EXERCISE DIRECTIONS — Go to the line containing "Y necklace with infinity and cross element." in the material below. From there to the end, retype every line exactly and drop the pictures.

GIVEN INFORMATION —
☆ ☆ ☆ ☆ ☆
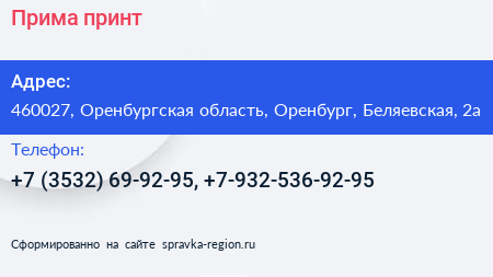Прима принт по адресу 460027, Оренбургская область, Оренбург, Беляевская, 2а в дальнейшем Организация, размещена в следующих категориях:
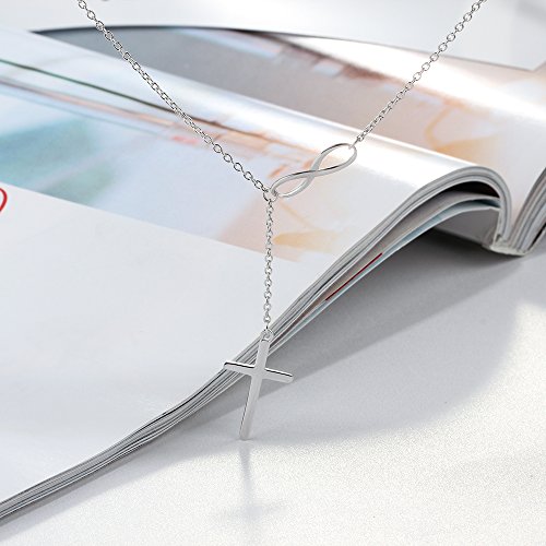 Y necklace with infinity and cross element.
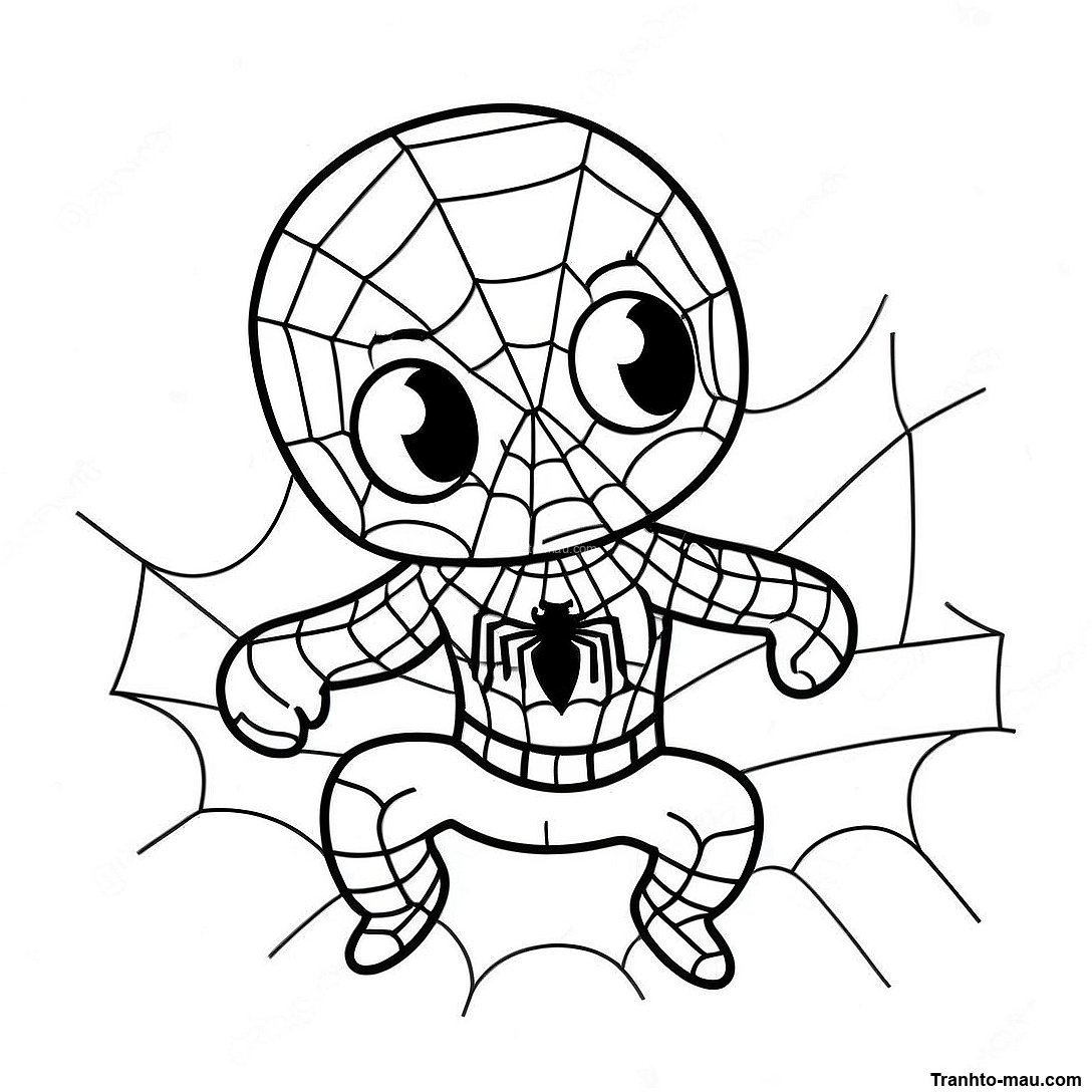 Trang Tô Màu Spiderman Em Bé Nhỏ Xíu Với Mạng Nhện
☆ ☆ ☆ ☆ ☆
TASK ANSWER —
 Y necklace with infinity and cross element.
 Trang Tô Màu Spiderman Em Bé Nhỏ Xíu Với Mạng Nhện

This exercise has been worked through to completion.